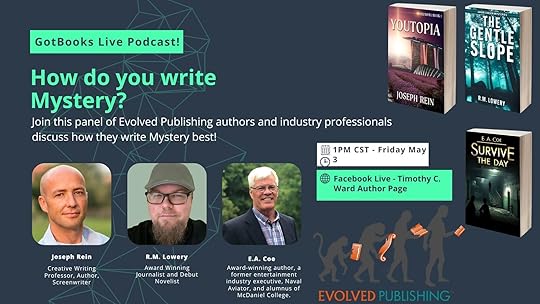 Timothy C. Ward, author of Godsknife: Revolt and fellow Evolved Publishing author has invited 3 authors to discuss how they use their writing strengths to produce great Mystery books! We have a wide variety of approaches...
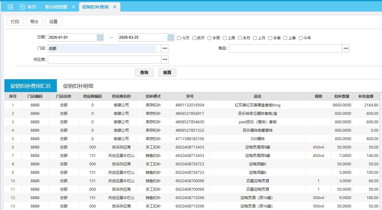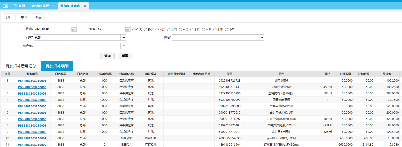 促销扣补查询可用于查询已做促销扣补的商品明细。 位置:【营运】->【促销】->【促销查询】 促销扣补费用汇总 各商品的扣补汇总数据。 如图所示 促销扣补明细 点击业务单号,会跳转到促销扣补单详情界面。 如图所示 文档更新时间: 2026-03-25 02:47 作者:zhangyi
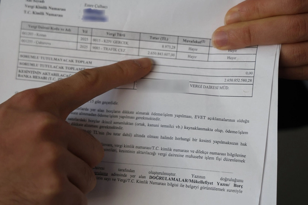 Kozan ilçesinde yaşayan Avukat Emre Çulhacı, adına 2 milyar 650 milyon 843 bin 607 lira tutarında trafik cezası kaynaklı vergi borcu göründüğünü öğrenince hayatının şokunu yaşadı. Türkiye'de geçen yıl kesilen toplam trafik cezalarının yaklaşık 30'da birine denk gelen rakam karşısında şoku atlatan avukat Çulhacı, yaptığı görüşmelerle hatayı düzelttirdi.
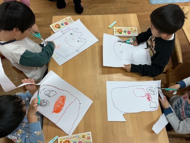 次に描いたさつまいもにそってハサミで切り、絵の具で色をつけました!
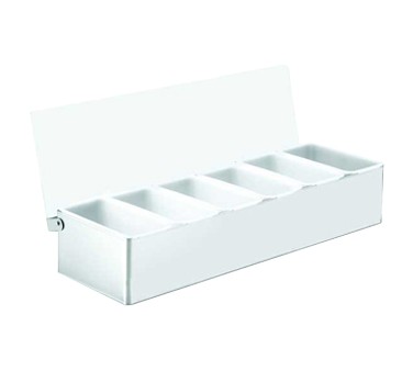Condiment Holder, 6 compartment holder, 1 pint, 18" x 6" x 3-1/2", stainless steel w/polycarbonate lid
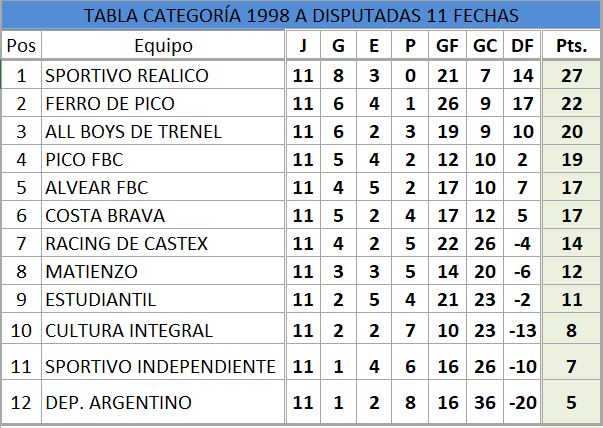 Por categoría 1998, Sportivo Realicó fue el ganador del Torneo Apertura tras vencer a All Boys de Trenel por uno a cero, al tiempo que Ferro no pudo ganar en el olímpico. SÍNTESIS DE LA JORNADA.
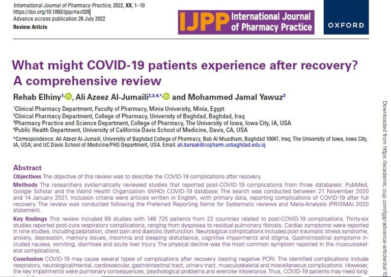 Prof. Dr. Ali Azeez Ali and Prof. Dr. Mohammed Jamal Yawuz, faculty members from the department of clinical pharmacy at the University of Baghdad has recently published a comprehensive review on the complications of Covid-19 in the latest issue of the International Journal of Pharmacy Practice (IJPP), that included 69 studies involving more than (146000) patients from 22 countries on health complications that can remain for several months after recovery from infection of this pandemic. It is noteworthy that this journal is registered in Scopus and Clarivate Analytics databases, being one of the leading peer-reviewed journals publishing innovative research in the context of pharmacy, medicines, and healthcare. This review was accomplished in collaboration with Dr. Rehab el-Hiny from the Faculty of Pharmacy, Minia University in Egypt.
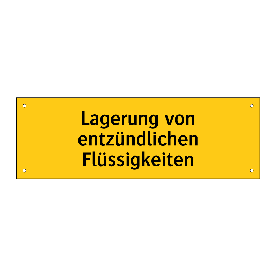 Warnschild mit dem Text Lagerung von entzündlichen Flüssigkeiten

^^^^^^^^

▶ **EXERCISE DESCRIPTION**
In full and without any pictures, print the listing above exactly.

▶ **FINISHED EXERCISE**
 Timothy C. Ward, author of Godsknife: Revolt and fellow Evolved Publishing author has invited 3 authors to discuss how they use their writing strengths to produce great Mystery books! We have a wide variety of approaches...
 促销扣补查询可用于查询已做促销扣补的商品明细。 位置:【营运】->【促销】->【促销查询】 促销扣补费用汇总 各商品的扣补汇总数据。 如图所示 促销扣补明细 点击业务单号,会跳转到促销扣补单详情界面。 如图所示 文档更新时间: 2026-03-25 02:47 作者:zhangyi
 Kozan ilçesinde yaşayan Avukat Emre Çulhacı, adına 2 milyar 650 milyon 843 bin 607 lira tutarında trafik cezası kaynaklı vergi borcu göründüğünü öğrenince hayatının şokunu yaşadı. Türkiye'de geçen yıl kesilen toplam trafik cezalarının yaklaşık 30'da birine denk gelen rakam karşısında şoku atlatan avukat Çulhacı, yaptığı görüşmelerle hatayı düzelttirdi.
 次に描いたさつまいもにそってハサミで切り、絵の具で色をつけました!
Condiment Holder, 6 compartment holder, 1 pint, 18" x 6" x 3-1/2", stainless steel w/polycarbonate lid
 Por categoría 1998, Sportivo Realicó fue el ganador del Torneo Apertura tras vencer a All Boys de Trenel por uno a cero, al tiempo que Ferro no pudo ganar en el olímpico. SÍNTESIS DE LA JORNADA.
 Prof. Dr. Ali Azeez Ali and Prof. Dr. Mohammed Jamal Yawuz, faculty members from the department of clinical pharmacy at the University of Baghdad has recently published a comprehensive review on the complications of Covid-19 in the latest issue of the International Journal of Pharmacy Practice (IJPP), that included 69 studies involving more than (146000) patients from 22 countries on health complications that can remain for several months after recovery from infection of this pandemic. It is noteworthy that this journal is registered in Scopus and Clarivate Analytics databases, being one of the leading peer-reviewed journals publishing innovative research in the context of pharmacy, medicines, and healthcare. This review was accomplished in collaboration with Dr. Rehab el-Hiny from the Faculty of Pharmacy, Minia University in Egypt.
 Warnschild mit dem Text Lagerung von entzündlichen Flüssigkeiten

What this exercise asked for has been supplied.